The advances in per use pricing models based on the serverless deployment mechanisms being provided by the cloud providers (AWS Lambda, Azure Functions, etc.) are certainly helping SaaS vendors to reduce their fixed infrastructure costs and pass on the benefits to the customers; but the complexities involved in tracking per subscriber use of shared resources even at the function level are formidable enough to tackle without some further tweaks to the serverless deployment options for microservices. These complexities further increase significantly when you consider deployments wherein multiple microservices are deployed in to shared containers managed through platforms such as Kubernetes or APaaS offerings such as Pivotal Cloud Foundry.
To address these complexities we introduce this concept of “Transactional Infrastructure”. It allows for the well understood best practices in designing multi-tenancy systems to be incorporated in to the architecture of cloud native applications based on microservices. We shall illustrate this concept in the context of a hypothetical BIaaS product offering hosted in AWS.
The figure above illustrates the typical components that would be involved in a BIaaS product offering. For the sake of this article we will ignore accessibility challenges with the source data systems by assuming that a simple VPN tunnel is sufficient to gain pull access to the source data stores. A push based mechanism would need a software appliance to be deployed behind the corporate firewall and as such the computing resources required for the same would be the sole responsibility of the customer.
For the purpose of this article, we define a transaction as a distinct outcome that would deliver tangible value to a business user who would subscribe to this service. Consequently, we shall ignore exploratory work associated with the initial configuration work required to onboard a new customer on to the service which would be charged to the customer as a one-time on boarding fee. We can also possibly ignore subsequent configuration changes and also ad-hoc queries performed by the customer although the later could still be brought within the ambit of a transaction. Thus, a transaction would be a repeatable process that would be executed either at scheduled times or on-demand by any authorised user of the subscribing organisation or an individual.
A typical implementation of such a system using microservices deployed as Lambda functions on AWS might be as depicted in the figure below.
The use of the AWS Simple Workflow Service (SWF) is used to indicate an imperative style of programming implemented to support asynchronous loosely coupled execution. AWS RedShift is proposed as the OLAP data store although other offerings from AWS such as DynamoDB or Relational Data Store (RDS) can also be considered. The AWS Secured Simple Storage Service (Secure S3) is proposed to address security concerns associated with a multi-tenancy BLOB store. It is conceivable that instead of S3 the extracted data could directly be uploaded to a staging area in RedShift for further processing. The auxiliary AWS services such as IAM, Cognito, CloudWatch, SNS, and SES are proposed to address other common multi-tenancy concerns and notification requirements.

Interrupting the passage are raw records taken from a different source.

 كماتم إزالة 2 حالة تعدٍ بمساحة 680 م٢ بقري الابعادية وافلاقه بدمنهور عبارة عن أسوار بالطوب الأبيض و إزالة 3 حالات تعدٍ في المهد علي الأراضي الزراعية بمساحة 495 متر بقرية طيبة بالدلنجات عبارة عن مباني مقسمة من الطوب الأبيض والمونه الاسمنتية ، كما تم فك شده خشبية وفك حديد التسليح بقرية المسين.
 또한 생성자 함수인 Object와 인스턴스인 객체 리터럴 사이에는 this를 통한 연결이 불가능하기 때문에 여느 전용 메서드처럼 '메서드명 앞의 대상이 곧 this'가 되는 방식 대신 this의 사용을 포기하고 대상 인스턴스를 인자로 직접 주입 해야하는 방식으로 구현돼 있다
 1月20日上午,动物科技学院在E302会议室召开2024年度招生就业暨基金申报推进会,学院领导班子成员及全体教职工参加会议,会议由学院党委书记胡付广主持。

While this architecture does support asynchronous loosely coupled execution, the imperative style of implementing business logic favours direct synchronous calls amongst the various microservices with the workflow engine providing the overall orchestration function.

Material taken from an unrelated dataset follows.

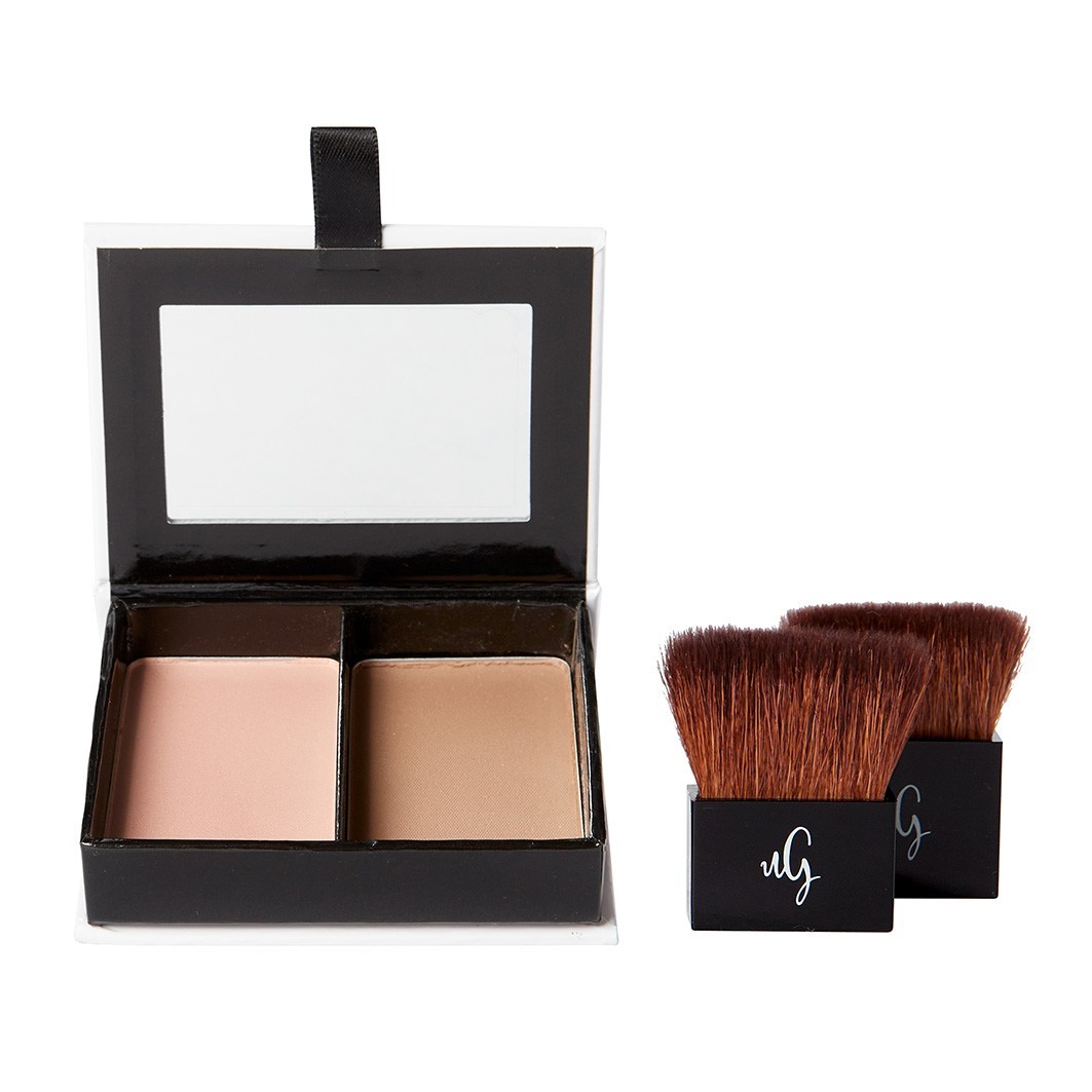 Для легкого нанесения в двухкомпонентной пудренице с зеркальцем и двумя кисточками из стриженой козьей шерсти - для набора идеального количества пудры.

Alternatively, a truly asynchronous execution model can be implemented by adopting an event driven streams based architecture by replacing the SWF service with a queue management service such as AWS Simple Queueing Service (SQS) or Kafka (https://kafka.apache.org/). This is illustrated in the figure below.

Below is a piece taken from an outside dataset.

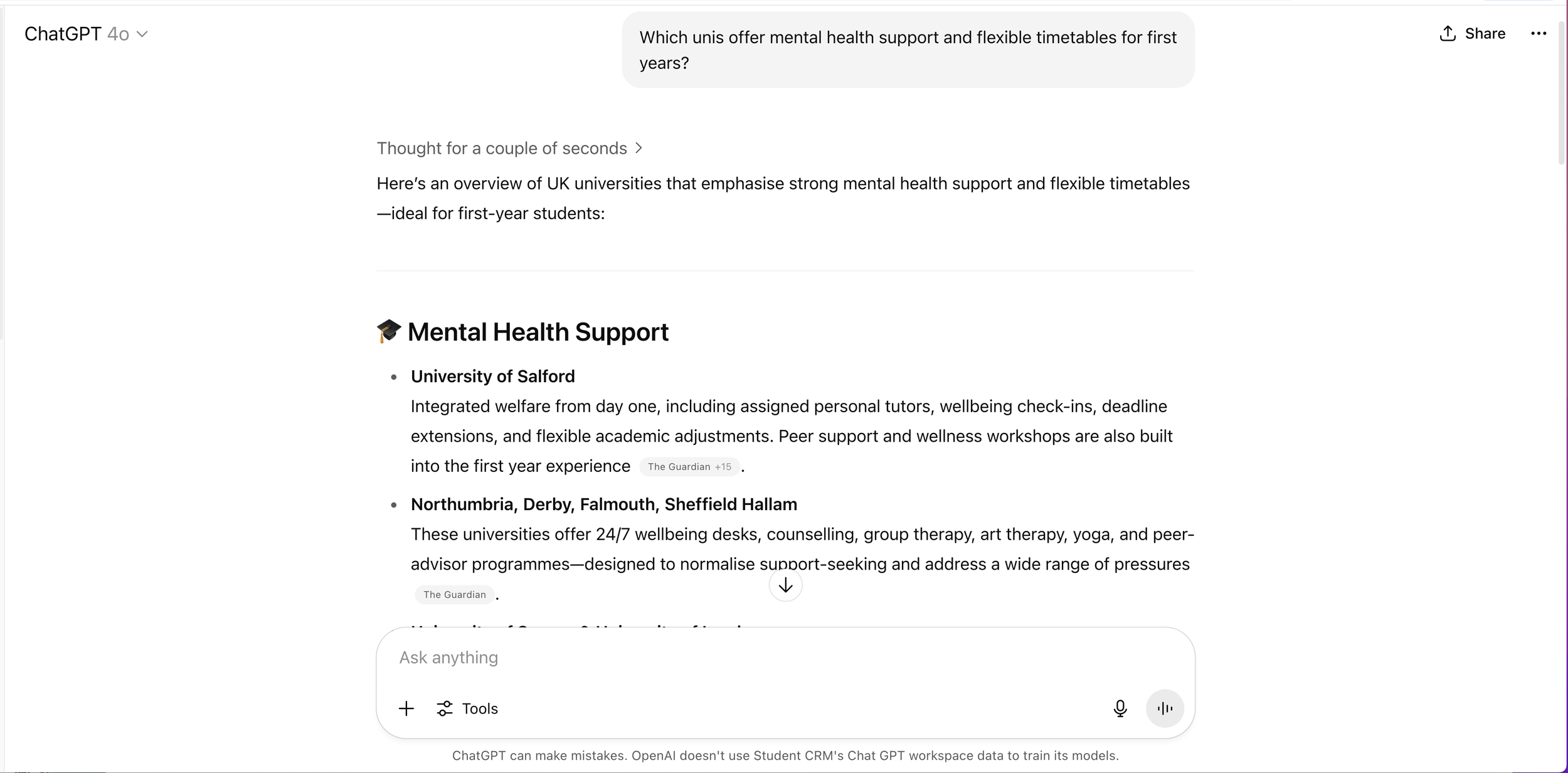 ChatGPT response listing UK universities with strong mental health support and flexible timetables for first-year students

A detailed discussion around the use of event driven architecture and reactive programming techniques is beyond the scope of this article and interested parties are requested to read other articles on the topic, some of which are listed below:
https://www.infoq.com/news/2017/11/event-sourcing-microservices
https://www.infoq.com/news/2015/06/ddd-events-microservices
https://www.infoq.com/presentations/cloud-native-kafka-netflix
https://www.infoq.com/presentations/reactive-ddd-distributed-systems
As would be apparent from these articles, the event driven implementation architecture and reactive programming techniques are the solution of choice to optimise resource utilisation and as we shall further see are more suitable for incorporating instrumentation to enable tracking of per transaction resource usage. Hence, in the rest of this article we shall focus on the event driven architecture although most of the techniques would apply equally to the former.
A trivial approach to accommodating multi-tenancy in a microservices based architecture would be to create a complete deployment stack image and simply deploy the same across different AWS accounts each dedicated to a single subscribing user and/or organisation. The AWS CloudFormation, OpsWorks and CodeDeploy services can be leveraged appropriately to support this deployment strategy across computing resources available as EC2 instances, Elastic Container Service (ECS), and Lambda functions combined with various storage and other services. The resource consumption can then be easily tracked at a per subscriber level and can be billed at cost plus managed services overheads. However, this will require certain fixed capacity to be reserved for each subscriber which cannot be leveraged for other subscribers. Thus this strategy is not sufficient to serve as a market differentiator for a SaaS vendor.
On the other hand, if all the components are deployed within a single AWS account all resources can be optimally leveraged across all available load at any given time and thus will help the SaaS vendor to minimise their infrastructure costs. However, no suitable instrumentation services are available at the moment to help the vendor track resource utilisation even at a per subscriber level let alone at a per transaction level. Services such as AWS CloudWatch provide instrumentation at a very coarse level and other fine grained monitoring services such as AWS X-Ray or Zipkin (https://zipkin.io/) are primarily distributed tracing and performance monitoring mechanisms that are not equipped to handle transaction context and/or resource utilisation.
The challenges outlined above can be addressed by incorporating the transaction context as a first degree concern within the microservices architecture and by extending the deployment automation mechanisms by incorporating them in to add on SaaS vendor specific deployment services using low level Infrastructure-as-Code APIs exposed by all the cloud services providers. These vendor specific deployment services will automatically inject the subscriber and transaction context in to the deployment metadata so that every invocation of the business services will be able to capture this context within the event data as well as trace logs. A “transaction analysis” service can then be implemented to scan and analyse the events being generated and processed by the business services to determine the resource utilisation and thus the costs associated with each subscriber account and/or the specific transactions of interest. The resulting data can then be passed along to accounting systems to assist with customer invoicing and reconciliation taking in to account specific SLAs and usage tier discounts that the customer may have signed up for. The figure below illustrates the resulting “transactional infrastructure” architecture.
As a part of the customer on boarding process the appropriate Deployment functions are invoked for creating subscriber specific Secure S3 buckets and other appropriate “Subscription” context incorporating user identities federated using AWS Cognito. When a transaction is initiated by a specific user this subscription context is utilised appropriately, e.g. for an extract transaction the subscription context will be utilised to choose the appropriate S3 bucket in to which the data is to be staged. Subsequently, all events generated will be enriched by the Event Enrichment functions to embed the subscription context. The processing of these enriched events will in turn embed the subscription context in to the trace logs captured in X-Ray. The Event Analysis functions will then finally scan all the events on a continual or periodic basis and use the embedded subscription context to extract corresponding trace logs from X-Ray so as to generate usage data aggregated to one minute time scale for compute resources and one GB scale for storage resources. Finally, this resource usage data can be exported to accounting systems for invoicing purposes.
Thus, the proposed “Transactional Infrastructure” paradigm can help SaaS vendors and even enterprises get detailed insights in to their resource utilisation costs and appropriate the same for gaining competitive advantages and/or internal efficiencies thereby generating contributions to the top and the bottom lines.